Tirer les leçons de l’épuisement d’un projet européen
On voit bien que certains pays hors du cadre de l’UE ont un intérêt à l’existence d’une Europe forte et prospère. Le cas de la Russie et de la Chine saute aux yeux. La Russie, de plus, est elle aussi un pays européen, même si elle n’est pas uniquement européenne. Il est donc possible de penser un projet européen intégrant toute l’Europe, y compris les pays qui aujourd’hui ne sont pas membres de l’UE et n’aspirent pas à le devenir. Mais à la condition de faire des nations européennes, ces « vieilles nations » qui restent aujourd’hui le cadre privilégié de la démocratie, la base de ce projet.
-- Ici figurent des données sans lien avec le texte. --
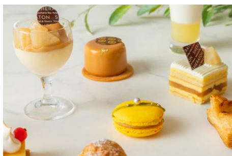
洋梨のムース キャラメルソース（左上） 柚子ショコラ（上中央）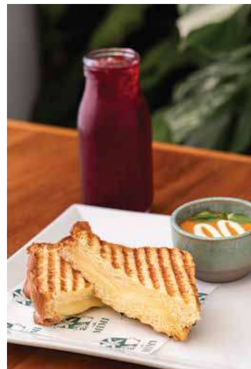
Grilled cheese panini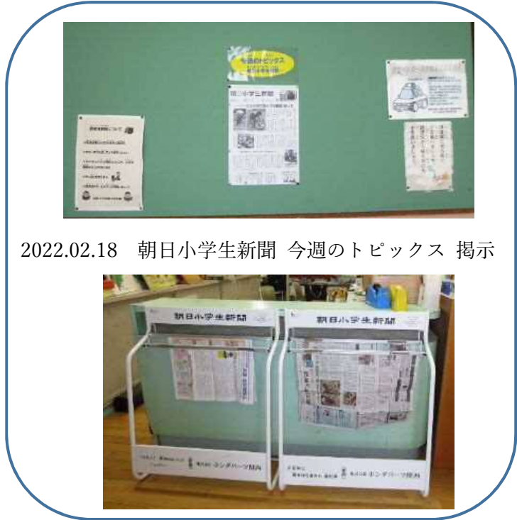
2022.02.18 朝日小学生新聞 今週のトピックス 掲示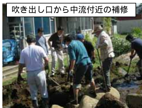
吹き出し口から中流付近の補修

Ce projet devra être construit autour d’initiatives industrielles, scientifiques et culturelles dont le noyau initial pourra être variable, mais qui exigent pour exister que soient remises en cause un certain nombre de normes et des règlements de l’UE. Plus que tout, il faudra procéder à une dissolution de l’Euro. Cette dissolution, si elle est concertée par tous les pays membres de la zone Euro sera en elle-même un acte européen, et pourra donner immédiatement lieu à des mécanismes de concertation et de coordination qui feront en sorte que les parités de change des monnaies nationales retrouvées ne fluctuent pas de manière erratique mais en fonction des paramètres fondamentaux des économies.


(1) Patrick Artus, La solidarité avec les autres pays de la zone euro est-elle incompatible avec la stratégie fondamentale de l’Allemagne : rester compétitive au niveau mondial ? La réponse est oui, FLASH Économie, NATIXIS, n°508, 17 juillet 2012

L’opinion exprimee dans cet article ne coïncide pas forcement avec la position de la redaction, l'auteur étant extérieur à RIA Novosti. 

*Jacques Sapir est un économiste français, il enseigne à l'EHESS-Paris et au Collège d'économie de Moscou (MSE-MGU). Spécialiste des problèmes de la transition en Russie, il est aussi un expert reconnu des problèmes financiers et commerciaux internationaux.
Il est l'auteur de nombreux livres dont le plus récent est La Démondialisation (Paris, Le Seuil, 2011).